#### Collected material ####

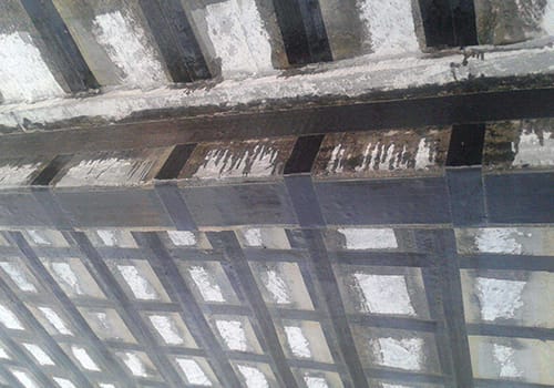 1、卸荷。卸荷加固前應(yīng)對所加固的構(gòu)件絕可能卸荷。2、基底處理?;炷帘韺映霈F(xiàn)剝落、空鼓、蜂窩、腐蝕等劣化現(xiàn)象的部位應(yīng)予以鑿除,對于較大面積的劣質(zhì)層,在鑿除后應(yīng)用環(huán)氧砂漿入行修復(fù)。裂縫部位應(yīng)首先入行封閉處理。用混凝土角機(jī)、砂紙等機(jī)具除往混凝土表面的浮漿、油污等雜質(zhì),構(gòu)件基面的混凝土要打磨平整,尤其是表面的凸起部位要磨平,轉(zhuǎn)角粘貼處要入行倒角處理并打磨成圓弧狀(R≥30mm)。用吹風(fēng)機(jī)將混凝土表面清理干凈,并保持干燥。
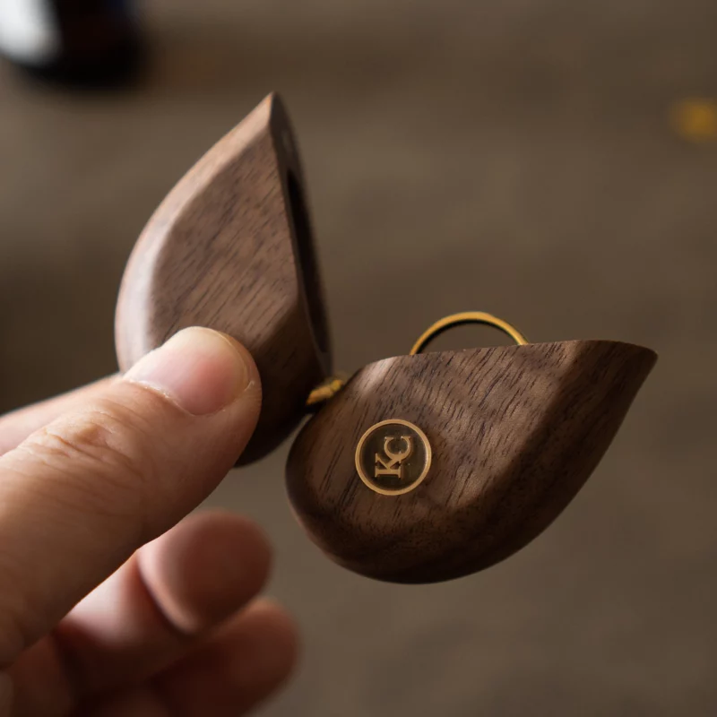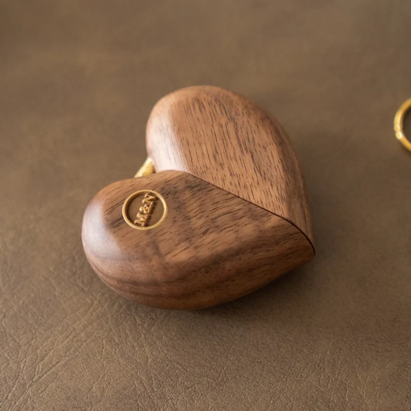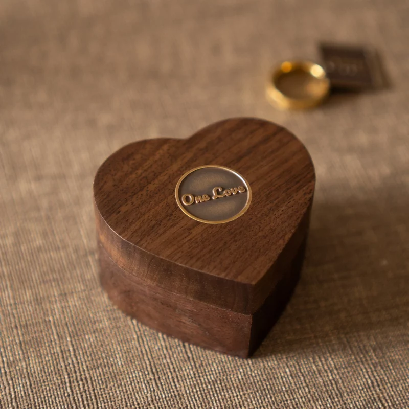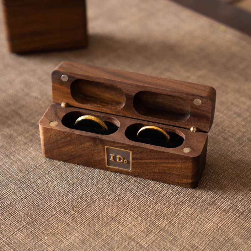 Slim Double Ring Wooden Box with Custom Antique Brass Inlay – Solid Black Walnut Pocket Wedding Case
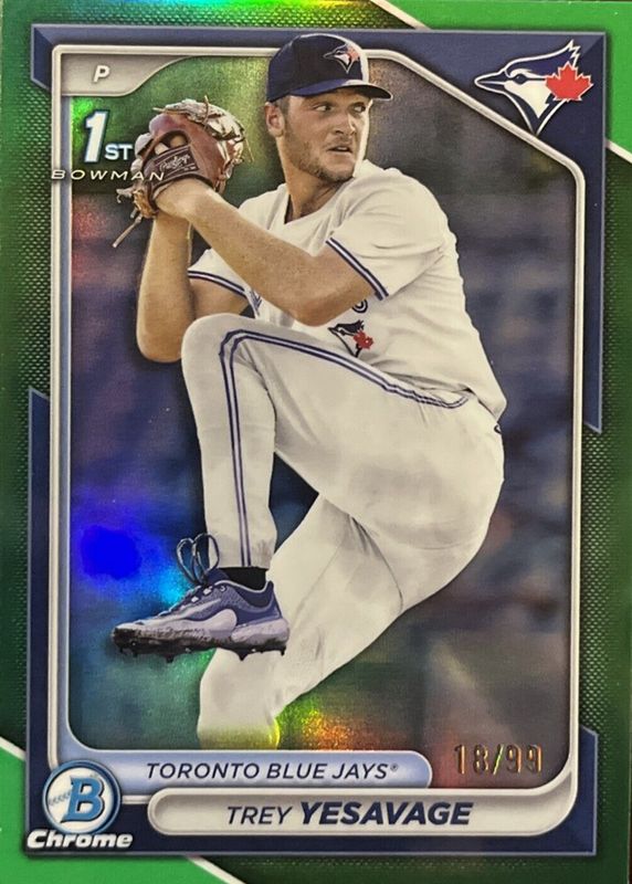 Trey Yesavage 2024 Bowman Draft Chrome Green Refractor /99 Blue Jays RC #BDC-92
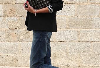 El look de hoy lo cierto es que es no tiene mucho misterio vaqueros boyfriend + tacones + blazer + clutch y todo jugando con el más que famoso Black & White, pero aun así me parece un look super acertado, sencillo y perfecto para ir arreglada sin olvidarnos de la comodidad. El blazer fue de las últimas compras rebajiles y aunque en principio el forro al estilo Beetlejuice me tiró para atrás, una vez que me lo probé tranquilamente en casa me gustó bastante, aunque no descarto cambiárselo en la doblez de las mangas de aquí a unas semanas... ¿Alguien se acuerda de este clutch con tachuelas? Fue uno de los artículos estrella de Zara hace un par de temporadas, después incluso lo sacaron en color crema más bonito aún. El anillo fue regalo de unas compañeras de trabajo hace ya unos cuantos años y lo guardo con mucho cariño además de que me encanta y hoy me venía que ni pintado con el forro ^_^

####

Task to complete: Starting with the line that contains "Slim Double Ring" and finishing with the line that contains "Trey Yesavage 2024", reproduce every line of the material above exactly, but not the pictures.

Solution:
 Slim Double Ring Wooden Box with Custom Antique Brass Inlay – Solid Black Walnut Pocket Wedding Case
 Trey Yesavage 2024 Bowman Draft Chrome Green Refractor /99 Blue Jays RC #BDC-92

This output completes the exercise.